What this task involves: Exactly reproduce the lines from the one containing "12.5억 , 전세매물 5.5억" through the last line of the data, both ends included, leaving out pictures.

Collection entries
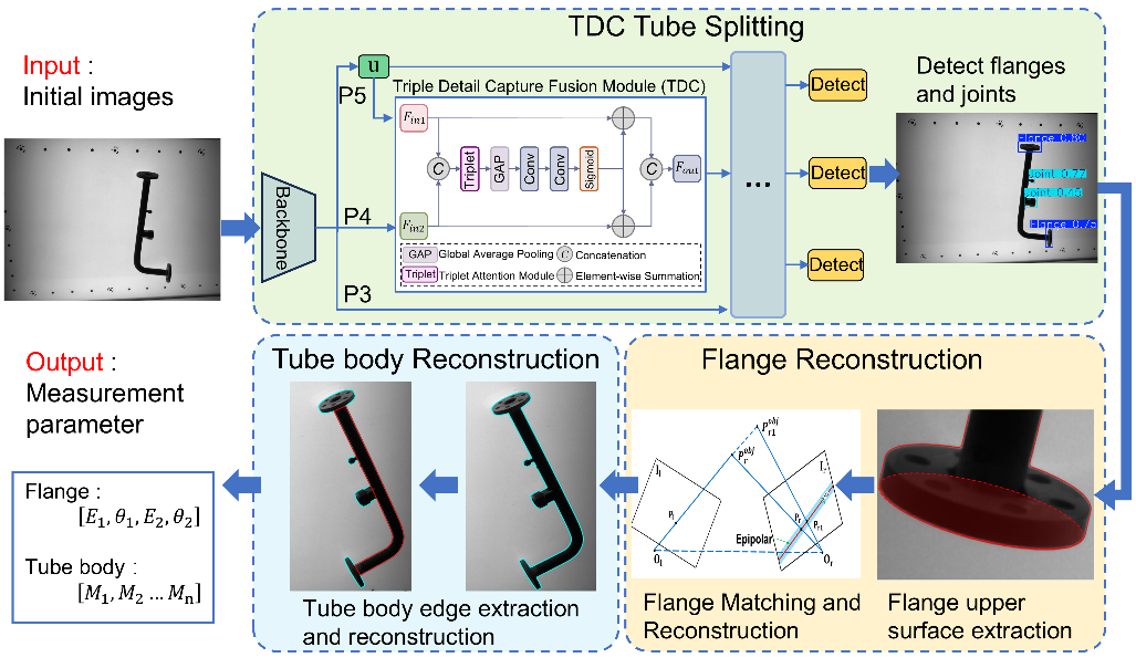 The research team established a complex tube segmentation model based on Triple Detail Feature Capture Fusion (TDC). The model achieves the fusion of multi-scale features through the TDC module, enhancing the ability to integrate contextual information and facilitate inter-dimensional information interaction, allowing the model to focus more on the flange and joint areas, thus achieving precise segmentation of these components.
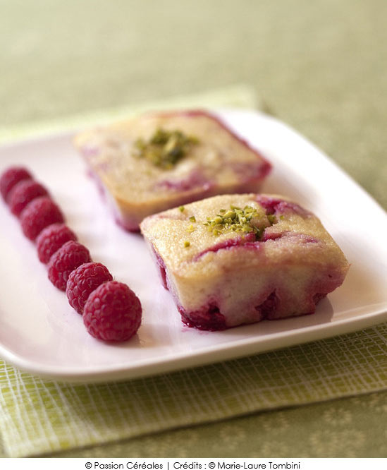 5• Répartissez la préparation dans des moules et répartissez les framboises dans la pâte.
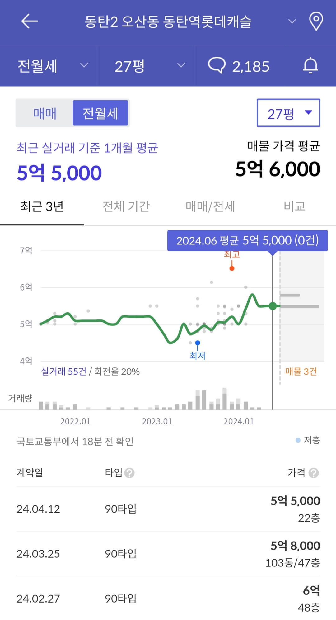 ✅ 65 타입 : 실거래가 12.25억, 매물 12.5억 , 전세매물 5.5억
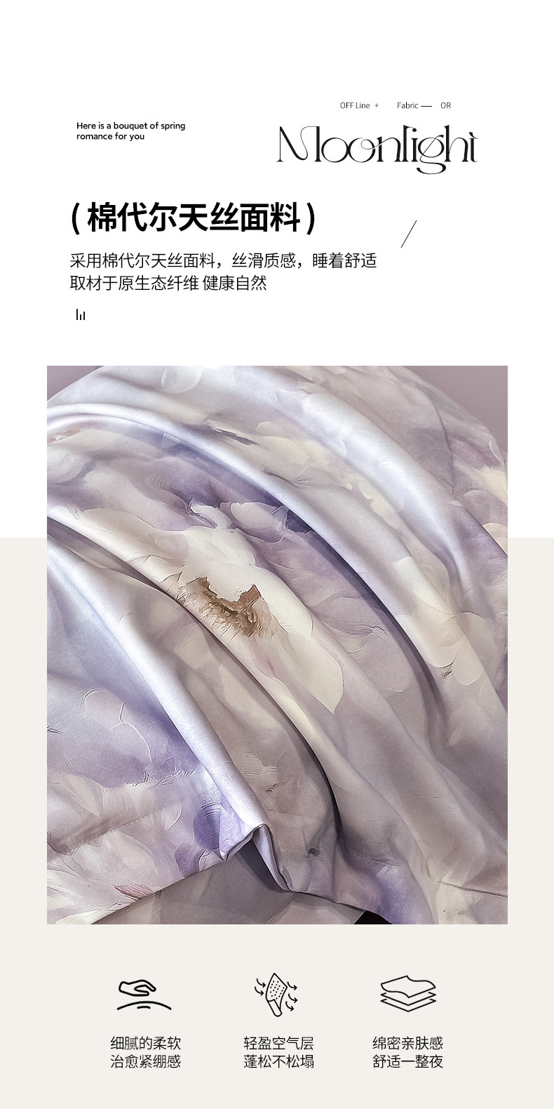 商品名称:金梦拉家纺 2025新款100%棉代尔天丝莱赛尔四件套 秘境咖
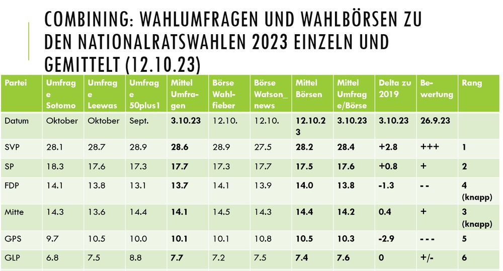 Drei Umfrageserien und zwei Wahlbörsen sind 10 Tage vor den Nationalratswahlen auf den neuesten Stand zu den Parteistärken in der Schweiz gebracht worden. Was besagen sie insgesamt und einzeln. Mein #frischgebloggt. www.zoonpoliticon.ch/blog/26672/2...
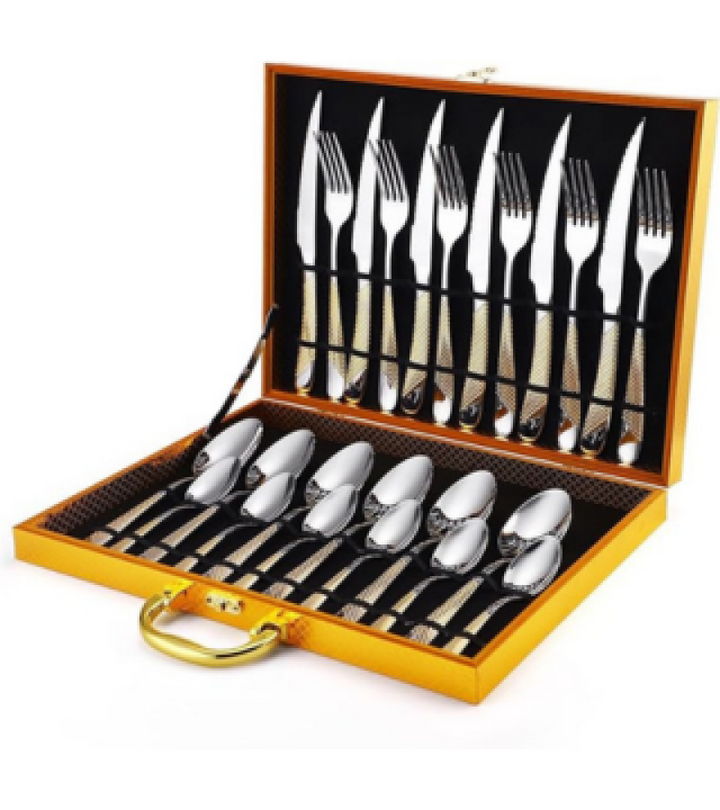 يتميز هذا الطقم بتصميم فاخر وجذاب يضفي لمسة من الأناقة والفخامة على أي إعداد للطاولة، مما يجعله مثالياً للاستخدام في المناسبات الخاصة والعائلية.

Final answer:
 ✅ 65 타입 : 실거래가 12.25억, 매물 12.5억 , 전세매물 5.5억
 商品名称:金梦拉家纺 2025新款100%棉代尔天丝莱赛尔四件套 秘境咖
 Drei Umfrageserien und zwei Wahlbörsen sind 10 Tage vor den Nationalratswahlen auf den neuesten Stand zu den Parteistärken in der Schweiz gebracht worden. Was besagen sie insgesamt und einzeln. Mein #frischgebloggt. www.zoonpoliticon.ch/blog/26672/2...
 يتميز هذا الطقم بتصميم فاخر وجذاب يضفي لمسة من الأناقة والفخامة على أي إعداد للطاولة، مما يجعله مثالياً للاستخدام في المناسبات الخاصة والعائلية.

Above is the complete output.